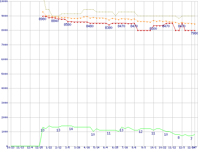Pentium G6950 (2.8GHz)の価格推移↑前グラフ↓次グラフ(2009年10月23日〜2011年1月7日)※このグラフは過去のデータも税率5%相当に調整した税込み相当額のグラフです。●関連グラフCPU主要製品の最安値推移CPU主要製品(最安値1万円未満)の最安値推移Intel系CPUの最安値推移LGA1156 (L3キャッシュ3MB,Dual Core,GPU内蔵,TDP 73W)の最安値推移●凡例最安値(点線部は販売店未確認または未調査)平均値最高値ショップ数
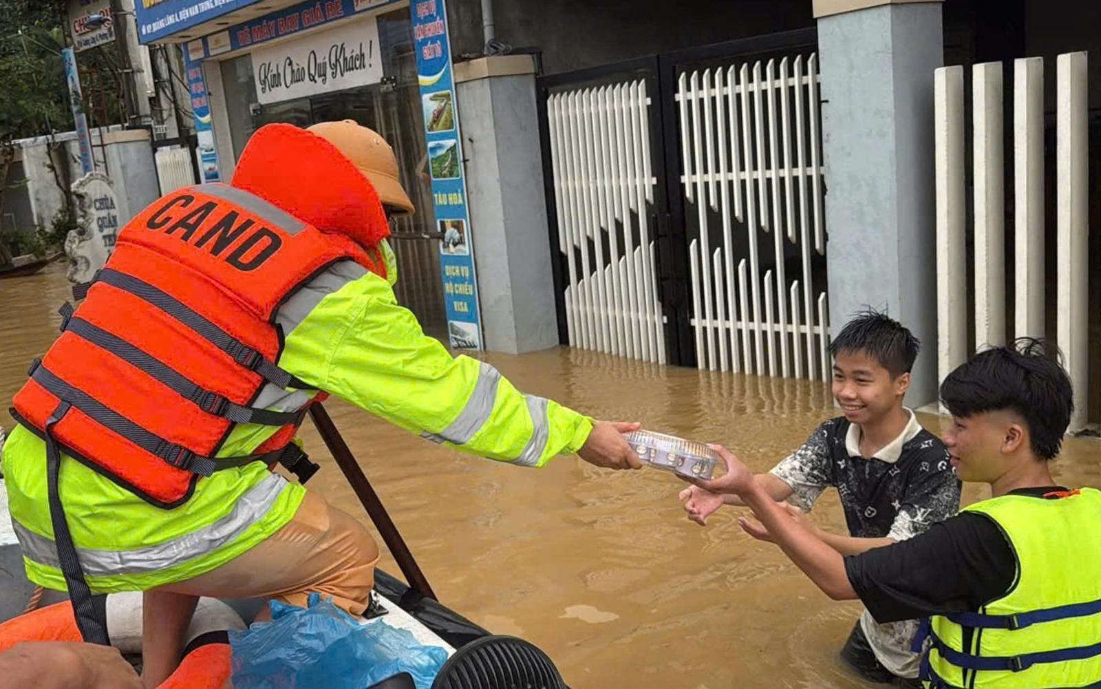 Hàng nghìn suất cơm nóng, nước uống, thuốc men được vận chuyển bằng xuồng, ca nô đến tận tay người dân ở vùng bị chia cắt.
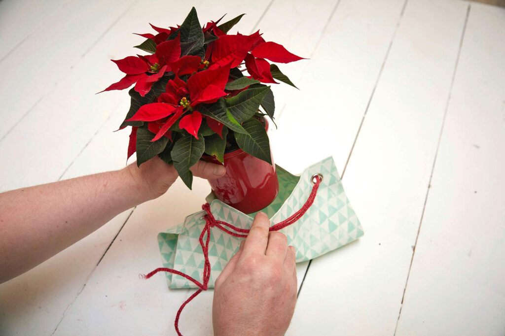 Креативната опаковка превръща класическата червена коледна звезда в наистина специален подарък. Независимо дали е поставена в ръчно изработена торбичка, или комбинирана с малки изненади в декоративна, цветна кофа, следващите идеи придават индивидуален характер на това декоративно цъфтящо растение.
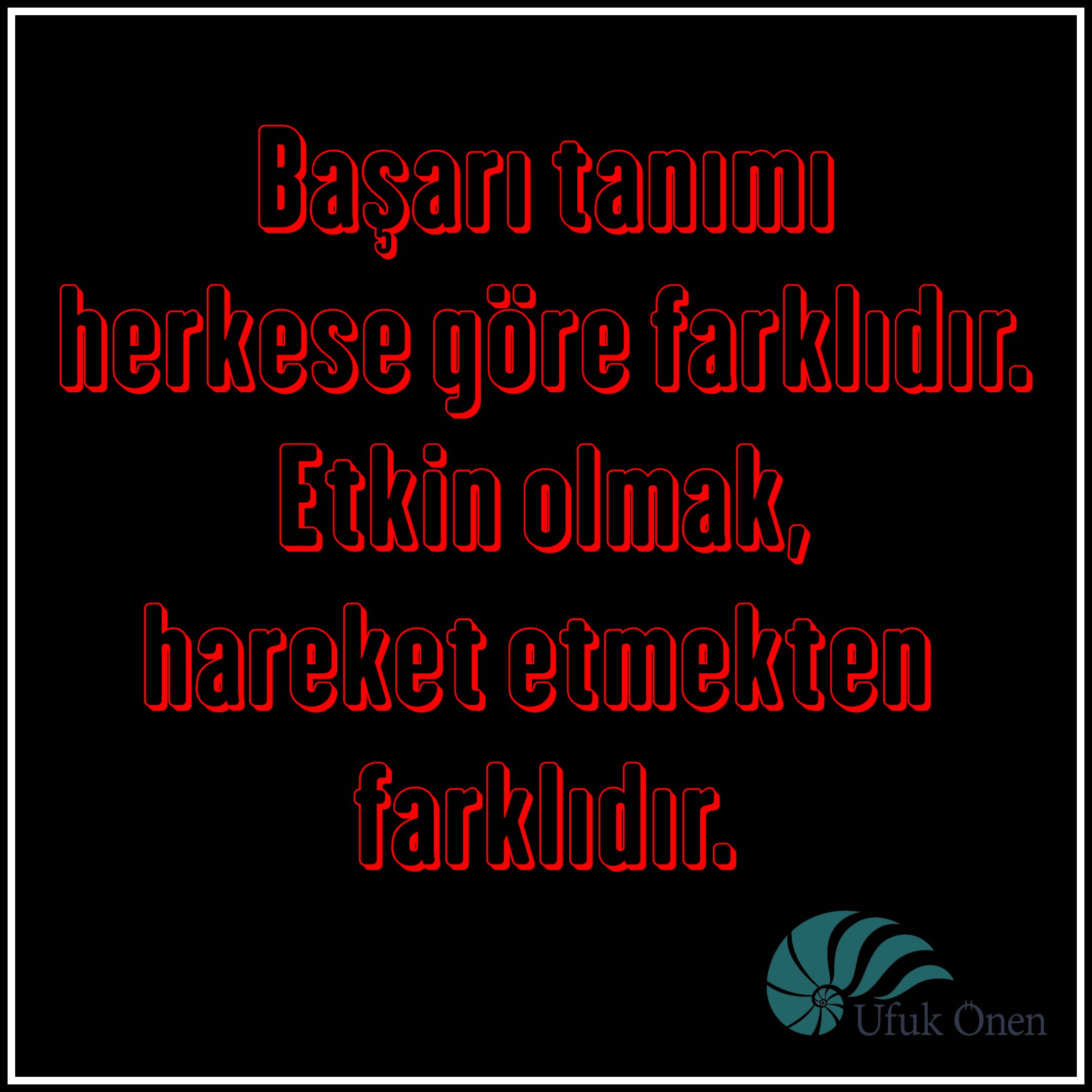 Başarı; anlamı ve tanımı kişiden kişiye değişiktir ki bu oldukça doğaldır. Başarılı olduğunuzu nasıl anlarsınız sorusuna gelen yanıtlar da kişiden kişiye değişmekle birlikte, bir insan belli bir konuda doyuma ulaştığında kendini başarılı hisseder ki sağlıklı olan da budur. Hareket etmek kendi başına etkin olmaktan çok daha farklıdır. Etkin hareketin bir hedefi ve çoğunlukla genel bir faydası vardır. 14/10/2021 İst.

### WHAT IS BEING ASKED:
From the line containing "Креативната опаковка превръща" through the final line of the listing above, reproduce every line exactly, with no pictures.

### REPLY TO THE EXERCISE:
 Креативната опаковка превръща класическата червена коледна звезда в наистина специален подарък. Независимо дали е поставена в ръчно изработена торбичка, или комбинирана с малки изненади в декоративна, цветна кофа, следващите идеи придават индивидуален характер на това декоративно цъфтящо растение.
 Başarı; anlamı ve tanımı kişiden kişiye değişiktir ki bu oldukça doğaldır. Başarılı olduğunuzu nasıl anlarsınız sorusuna gelen yanıtlar da kişiden kişiye değişmekle birlikte, bir insan belli bir konuda doyuma ulaştığında kendini başarılı hisseder ki sağlıklı olan da budur. Hareket etmek kendi başına etkin olmaktan çok daha farklıdır. Etkin hareketin bir hedefi ve çoğunlukla genel bir faydası vardır. 14/10/2021 İst.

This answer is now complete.